A young street performer who "loved to walk and dance on a rope he tied between two trees" looked at the Twin Towers and got an idea. He had already walked a wire between the steeples of Notre Dame Cathedral in Paris. Now he began to plan how he could carry out a startling new feat. With the help of friends, in the middle of the night, he sneaked to the roof and stretched a cable seven-eighths of an inch thick and 140 feet long between the tops of the just completed towers of the World Trade Center in New York City. How did they get the cable from the top of one building to the other? They tied it to an arrow and shot it across with a bow. At just past dawn on August 7, 1974, 24-year-old French aerialist, Philippe Petit, stepped out onto the wire with his twenty-eight foot balancing pole. For nearly an hour he mesmerized people below, running, dancing, kneeling, and even lying down upon the wire, all the while eluding the police on the roof, bellowing into bullhorns, "You're under arrest!"
Gerstein's detailed blue-infused paintings of the towers from Petit's perspective up high and from incredulous spectators in the streets below are masterful and breathtaking, with two fold-out three-paneled views of New York City that will give you vertigo.
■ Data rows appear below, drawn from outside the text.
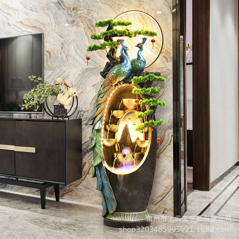 孔雀假山流水喷泉摆件落地客厅办公室风水轮招财高山循环水景装饰
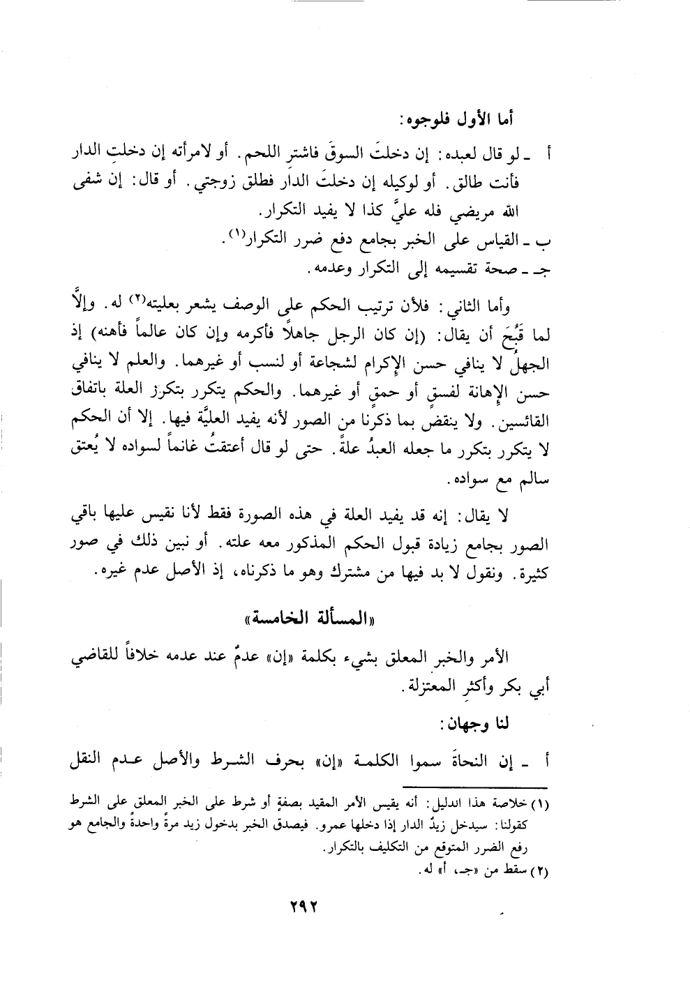(١) خلاصة هذا الدليل: أنَّه يقيس الأمر المقيد بصفةٍ أو شرط على الخبر المعلق على الشرط كقولنا: سيدخل زيد الدار إذا دخلها عمرو. فيصدق الخبر بدخول زيد مرةً واحدةً والجامع هو رفع الضرر المتوقع من التكليف بالتكرار.
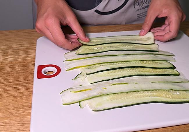 Haz tiras de pepino con la ayuda de una mandolina o un pelador. Tienen que quedar láminas finas para que sean más manejables y se plieguen mejor.
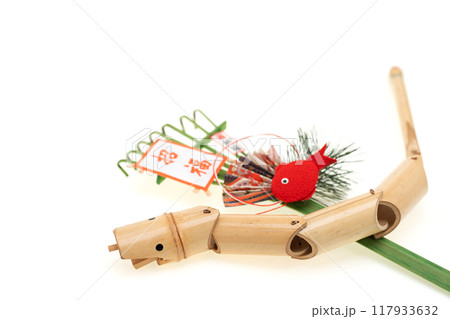 巳年 年賀素材 竹製のクネクネへび
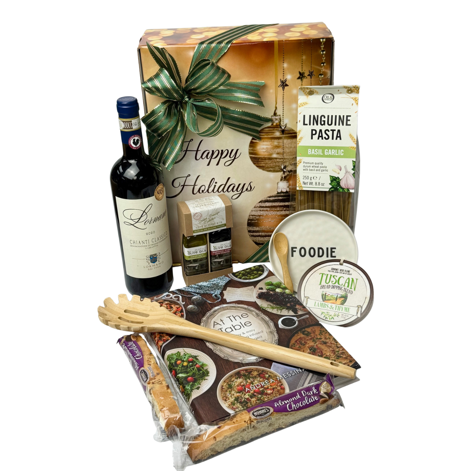 Enjoy a festive feast with our Holiday Dinner gift set! Transform your kitchen into an Italian trattoria using the "At the Table" cookbook, filled with tasty recipes featuring Joe & Son’s Olive Oil. Feeling inspired? Pour a glass of Chianti, whip up some garlic and basil linguini, and serve it with the included wooden spoon. Don’t forget to dip your bread in olive oil and Tuscan spices for extra flavor. Finish your meal on a sweet note with crunchy biscotti cookies!
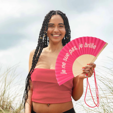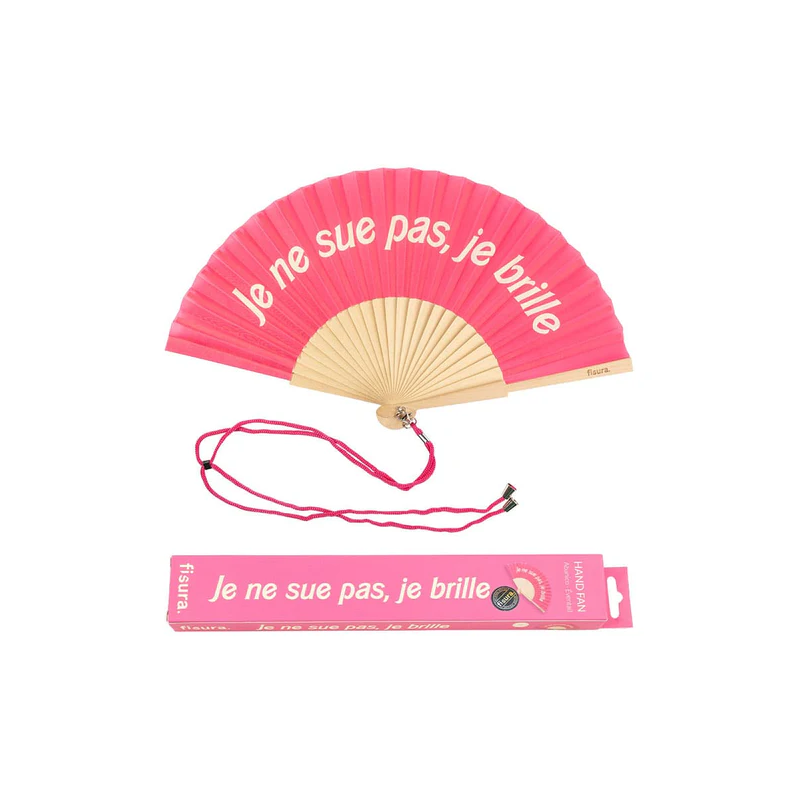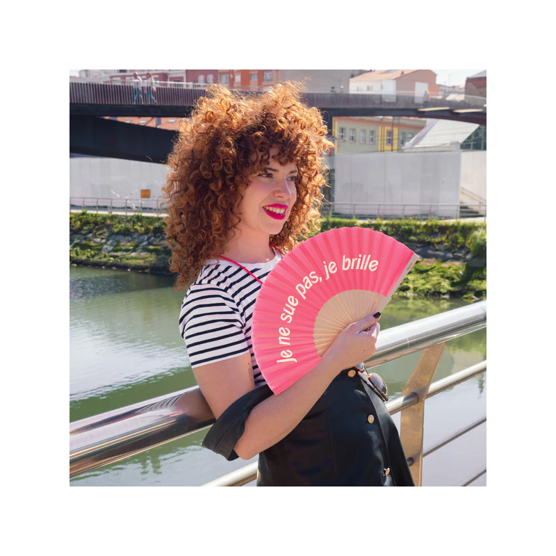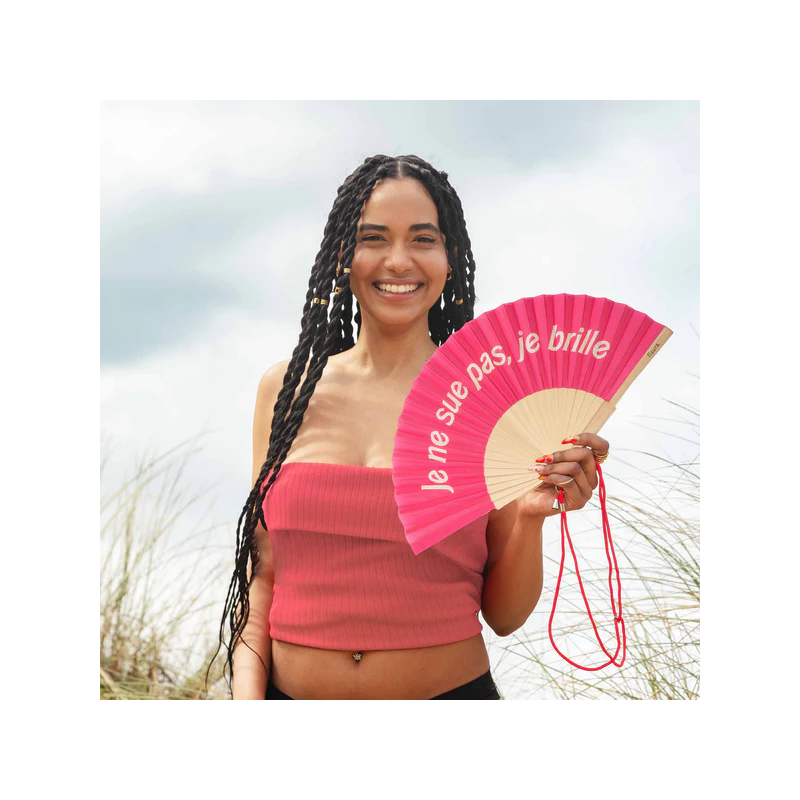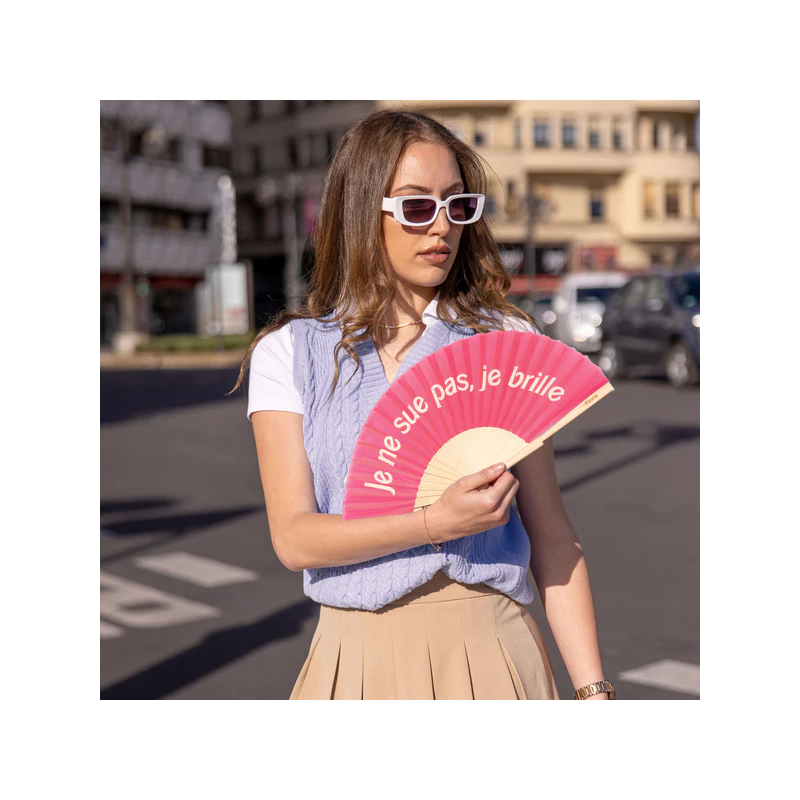 Donnez à vos looks d'été une touche d'humour et de couleur avec cet éventail rose à l’écriture Barbie! Et faites bien comprendre que ce qui est sur votre front n'est pas de la sueur... c'est la brillance que vous dégagez lorsque le soleil vous frappe et comment pourriez-vous ne pas briller sous cette chaleur ? Rafraîchissez-vous avec style et combattez les températures élevées avec le ventilateur portant le message « Je ne sais pas, je brille ».

A love story to the Twin Towers, this true, bittersweet, life-affirming tribute, winner of the 2004 Caldecott Medal, will inspire gasps of disbelief from readers. When the book first came out, I shared it with fifth grade classes at Joyce Kilmer School in Milltown, NJ. As I read each page, they kept saying things like, "That's not true, right?" and "This is a fiction story, right?" "Yes, it absolutely is true," I told them, looking at their disbelieving faces. "I remember when it happened. This is one of those 'Don't Try This at Home, Kids' stories." "You've got that right!" one boy said. I placed a long rope on floor for children to walk across and try to keep their balance, so they could get an idea of how hard it is to do, even on the ground. Read this in conjunction with Emily Arnold McCully's Mirette on the High Wire, another Caldecott winner about a high wire artist.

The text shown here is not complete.